Le ricorrenti, infatti, non hanno depositato la relata di notifica della sentenza impugnata al fine di permettere a questa Corte di verificare la tempestività dell’impugnazione, posto che la notifica del ricorso è avvenuta oltre i 60 giorni dalla pubblicazione della sentenza. La suddetta relata, inoltre, non è presente nel fascicolo di ufficio e non è stata prodotta dalla controparte.
Deve, pertanto farsi applicazione del seguente principio di diritto: In tema di notificazione del provvedimento impugnato ad opera della parte, ai fini dell’adempimento del dovere di controllare la tempestività dell’impugnazione in sede di giudizio di legittimità, assumono rilievo le allegazioni delle parti, nel senso che, ove il ricorrente non abbia allegato che la sentenza impugnata gli è stata notificata, si deve ritenere che il diritto di impugnazione sia stato esercitato entro il c.d. termine “lungo” di cui all’art. 327, procedendo all’accertamento della sua osservanza, mentre, nella contraria ipotesi in cui l’impugnante abbia allegato espressamente o implicitamente che la sentenza contro cui ricorre gli sia stata notificata ai fini del decorso del termine breve di impugnazione (nonché nell’ipotesi in cui tale circostanza sia stata eccepita dal controricorrente o sia emersa dal diretto esame delle produzioni delle parti o del fascicolo d’ufficio), deve ritenersi operante il termine di cui all’art. 325 c.p.c., sorgendo a carico del ricorrente l’onere di depositare, unitamente al ricorso o nei modi di cui all’art. 372 c.p.c., comma 2, la copia autentica della sentenza impugnata, munita della relata di notificazione, entro il termine previsto dall’art. 369 c.p.c., comma 1, la cui mancata osservanza comporta l’improcedibilità del ricorso, escluso il caso in cui la notificazione del ricorso risulti effettuata prima della scadenza del termine breve decorrente dalla pubblicazione del provvedimento impugnato e salva l’ipotesi in cui la relazione di notificazione risulti prodotta dal controricorrente o presente nel fascicolo d’ufficio (ex plurimis Sez. 6, Ord. n. 15832 del 2021, Sez. 5, Sent. n. 1295 del 2018, Sez. U., Sent. n. 10648 del 2017).

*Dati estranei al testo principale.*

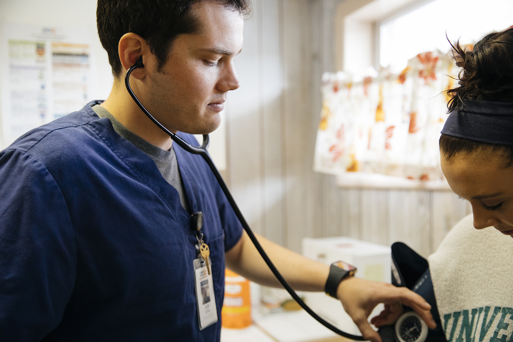 Volunteers at free clinic Medspire, take a patient’s vitals during a clinic day in Magalia, California. The free clinic was started to address unmet needs of vulnerable residents after the Camp Fire destroyed most of neighboring Paradise. (Photo by Mark Semegen for Direct Relief)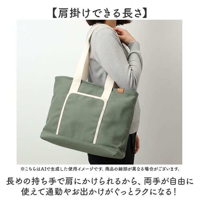 ・長めの持ち手で肩にかけられるから、両手が自由に使えて通勤やお出かけがぐっとラクになる!

7. La Corte dichiara improcedibile il ricorso.
8. Le spese del giudizio seguono la soccombenza e si liquidano come da dispositivo.

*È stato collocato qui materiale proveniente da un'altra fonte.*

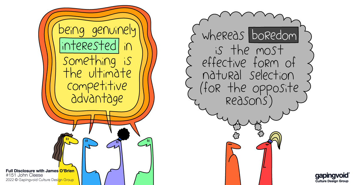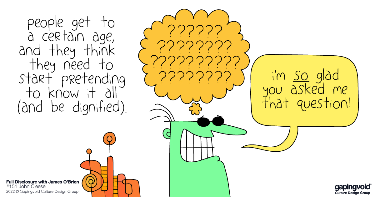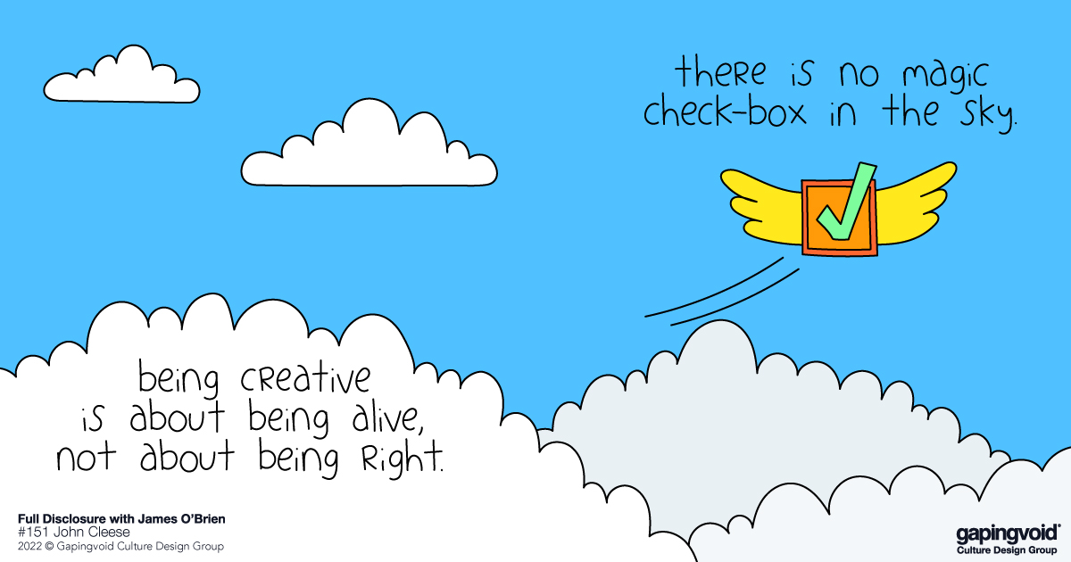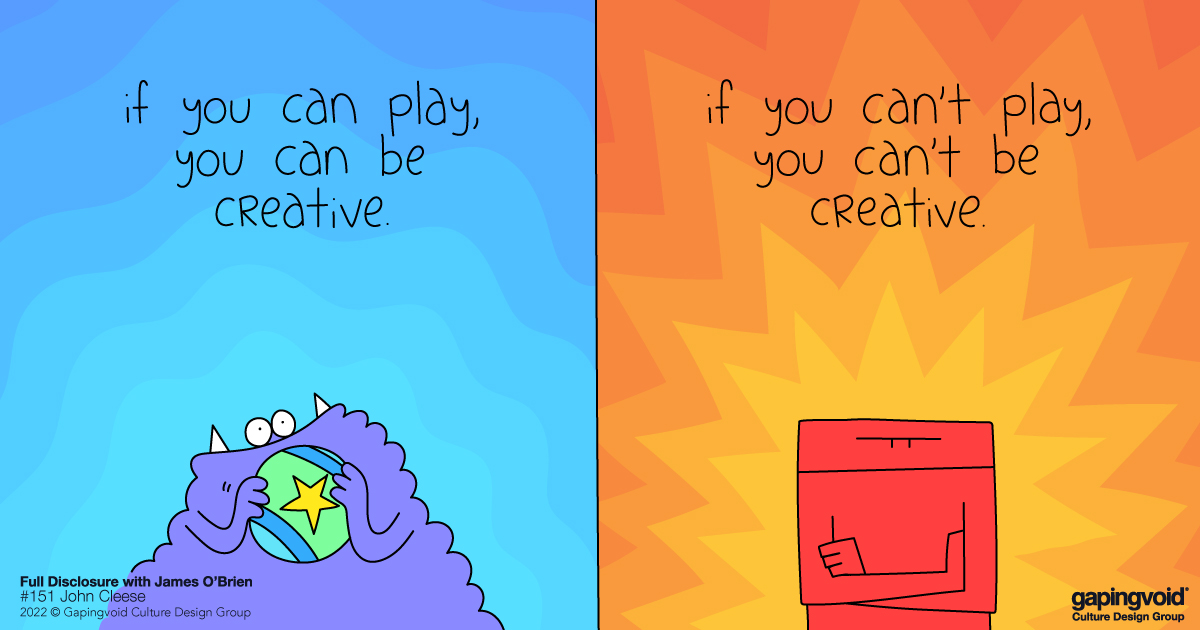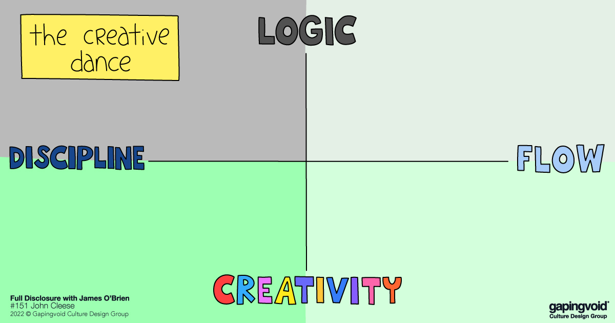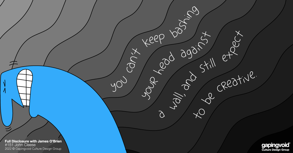 James O’Brien is a well-known radio journalist and author in the UK who also has a podcast, named “Full Disclosure.” Back in August, he talked with the even more well-known comic, John Cleese of Monty Python fame, on the subject of “creativity.”

9. Ai sensi del D.P.R. n. 115 del 2002, art. 13, comma 1 quater, si dà atto della sussistenza dei presupposti processuali per il versamento da parte della ricorrente di un ulteriore importo a titolo di contributo unificato pari a quello previsto per il ricorso a norma dello stesso art. 13, comma 1 bis, se dovuto.
P.Q.M.
La Corte dichiara improcedibile il ricorso e condanna la ricorrente al pagamento delle spese del giudizio di legittimità che liquida in complessivi Euro 4.100 più Euro 200 per esborsi;
ai sensi del D.P.R. n. 115 del 2002, art. 13, comma 1 quater, inserito dalla L. n. 228 del 2012, art. 1, comma 17, dichiara la sussistenza dei presupposti per il versamento da parte della ricorrente del contributo unificato dovuto per il ricorso principale a norma dello stesso art. 13, comma 1 bis.
Così deciso in Roma, nella Camera di consiglio della Sezione Seconda Civile, il 7 ottobre 2021.